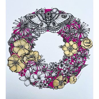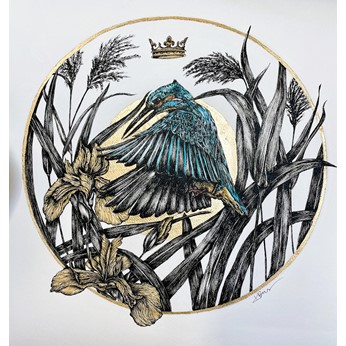 | Medium: | Indian Ink with Gold Foil on Paper |
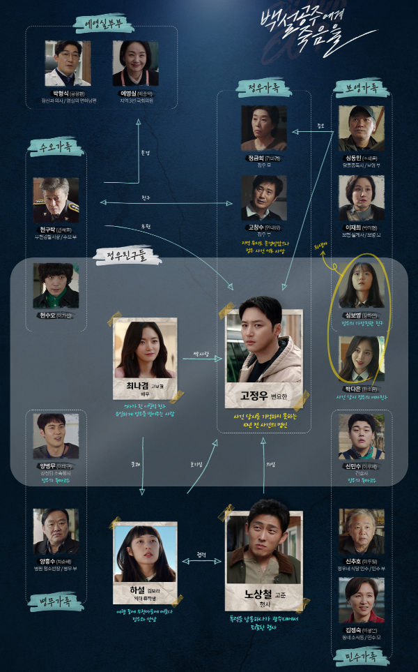 MBC 새 금토드라마 '백설공주에게 죽음을'은 시신이 발견되지 않은 미스터리한 살인 사건의 용의자로 몰려 살인 전과자가 된 한 청년이, 10년 후 그날의 진실을 밝히기 위해 분투하는 역추적 범죄 스릴러 드라마입니다. 시청자들의 이해를 돕기위해, 등장인물, 인물관계도, 드라마 소개를 정리해드립니다. 즐겁게 시청해주세요.
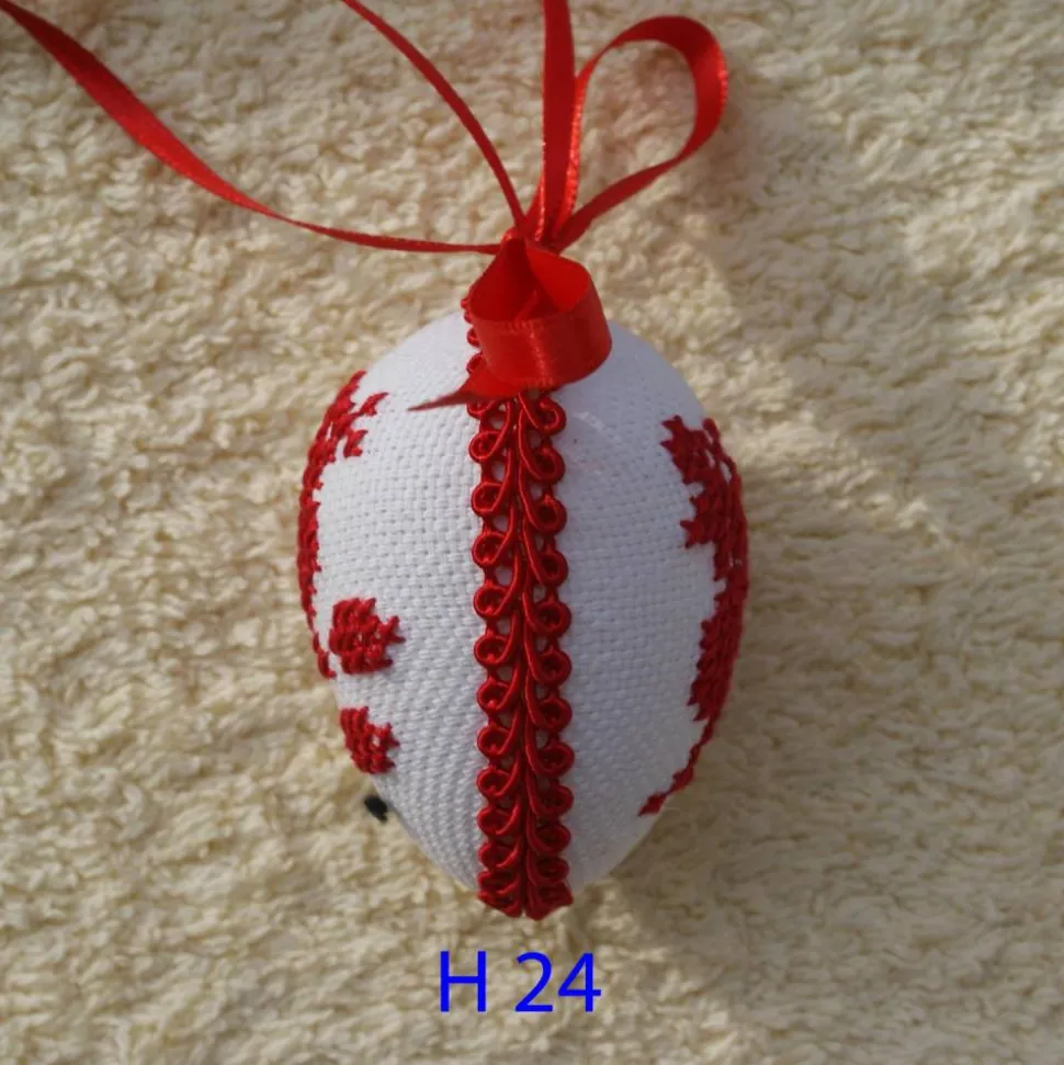 Osterdeko, Kreuzstich Osterei,  Oster Motiv  Handgestickt, rot-weiß 6cm
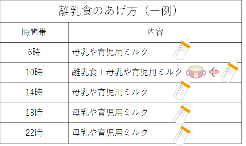 1日1回、授乳のタイミングを離乳食の時間にしましょう。離乳食は、毎日同じ時間に決めて生活のリズムをつけていきます。体も慣れてきて赤ちゃんも保護者も過ごしやすくなります。離乳食後もその他の授乳も、好きなだけ母乳や育児用ミルクを飲んでもらって構いません。まだまだこの時期の栄養源は母乳や育児用ミルクになります。
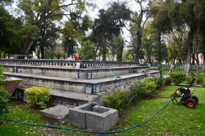 Por indicaciones del Alcalde Enrique Galindo Ceballos, personal de la Dirección de Servicios Municipales, a través del área de Parques y Jardines, realizó trabajos de limpieza integral en la fuente ubicada en la Alameda, como parte de las acciones permanentes de mantenimiento de los espacios públicos de la ciudad.
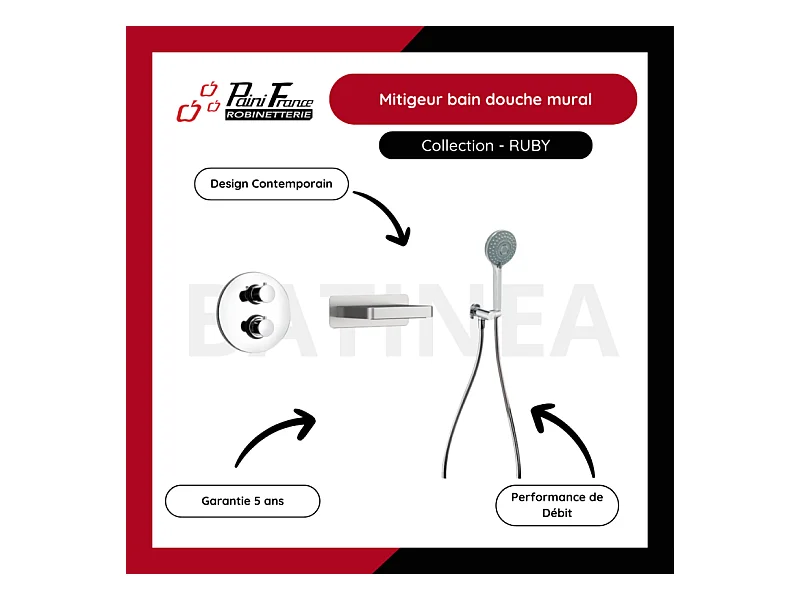Pack mitigeur bain douche thermostatique encastré rond PAINI Ruby Chrome
______________________________
* What the task requires *
Repeat, with no pictures, every line from the top of the entries above through the line that has "MBC 새 금토드라마", keeping each one exact.

* Task response *
 | Medium: | Indian Ink with Gold Foil on Paper |
 MBC 새 금토드라마 '백설공주에게 죽음을'은 시신이 발견되지 않은 미스터리한 살인 사건의 용의자로 몰려 살인 전과자가 된 한 청년이, 10년 후 그날의 진실을 밝히기 위해 분투하는 역추적 범죄 스릴러 드라마입니다. 시청자들의 이해를 돕기위해, 등장인물, 인물관계도, 드라마 소개를 정리해드립니다. 즐겁게 시청해주세요.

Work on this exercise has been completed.